Synchronization points may also be used in the GPU itself. For example, a synchronization point may be used as a mechanism to synchronize the actions and interactions of modules of a GPU. Each synchronization point may be implemented with a register that monotonically increments each time a pre-defined condition or event occurs. The registers may also wrap around back to zero when a next increment is received at a register that has already reached its maximum value. Therefore, modules will pause their application execution or task execution until each of them has reached a particular numerical position within their respective synchronization point registers.
SUMMARY OF THE INVENTIONEmbodiments of the present invention provide solutions to the challenges inherent in synchronizing modules of a graphics processing unit. In a method according to one embodiment of the present invention, a method for synchronizing a plurality of pixel processing units is disclosed. The method includes sending a first trigger to a first pixel processing unit to execute a first operation on a portion of a frame of data. The method also includes sending a second trigger to a second pixel processing unit to execute a second operation on the portion of the frame of data when the first pixel processing unit has completed the first operation. The first operation has completed when the first operation reaches a sub-frame boundary.

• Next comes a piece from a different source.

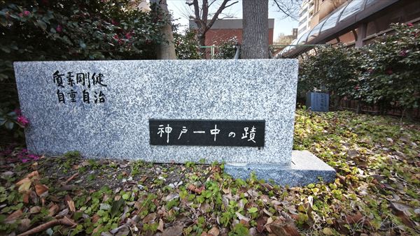 旧神戸一中の蹟、現在の神戸高校の前身は、この新生田川沿いの二宮の旧神戸一中と、現在は県庁になっている神戸第一高女が前身校で、神戸一中時代に現神戸高校に移転しています。

In an apparatus according to one embodiment of the present invention, a graphics processor is disclosed. The graphics processor includes a means for sending a first trigger to a first pixel processing unit to execute a first operation on a portion of a frame of data. The graphics processor also includes a means for sending a second trigger to a second pixel processing unit to execute a second operation on the portion of the frame of data when the first pixel processing unit has completed the first operation. The first operation has completed when the first operation reaches a sub-frame boundary.
In an apparatus according to one embodiment of the present invention, a graphics processor is disclosed. The graphics processor includes a plurality of pixel processing units and a synchronization module coupled to the plurality of pixel processing units. The plurality of pixel processing units are each operable to perform an operation on a portion of a frame of data. The synchronization module is operable to synchronize the plurality of pixel processing units. The synchronization module is further operable to send a first trigger to a first pixel processing unit to execute a first operation on the portion of the frame of data, and to send a second trigger to a second pixel processing unit to execute a second operation on the portion of the frame of data when the first pixel processing unit has completed the first operation. The first operation has completed when the first operation reaches a sub-frame boundary.

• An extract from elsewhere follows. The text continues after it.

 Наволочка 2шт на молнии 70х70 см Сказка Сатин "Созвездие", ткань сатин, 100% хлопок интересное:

Embodiments of the present invention will be better understood from the following detailed description, taken in conjunction with the accompanying drawing figures in which like reference characters designate like elements and in which:
Reference will now be made in detail to the preferred embodiments of the present invention, examples of which are illustrated in the accompanying drawings. While the invention will be described in conjunction with the preferred embodiments, it will be understood that they are not intended to limit the invention to these embodiments. On the contrary, the invention is intended to cover alternatives, modifications and equivalents, which may be included within the spirit and scope of the invention as defined by the appended claims. Furthermore, in the following detailed description of embodiments of the present invention, numerous specific details are set forth in order to provide a thorough understanding of the present invention. However, it will be recognized by one of ordinary skill in the art that the present invention may be practiced without these specific details. In other instances, well-known methods, procedures, components, and circuits have not been described in detail so as not to unnecessarily obscure aspects of the embodiments of the present invention. The drawings showing embodiments of the invention are semi-diagrammatic and not to scale and, particularly, some of the dimensions are for the clarity of presentation and are shown exaggerated in the drawing Figures. Similarly, although the views in the drawings for the ease of description generally show similar orientations, this depiction in the Figures is arbitrary for the most part. Generally, the invention can be operated in any orientation.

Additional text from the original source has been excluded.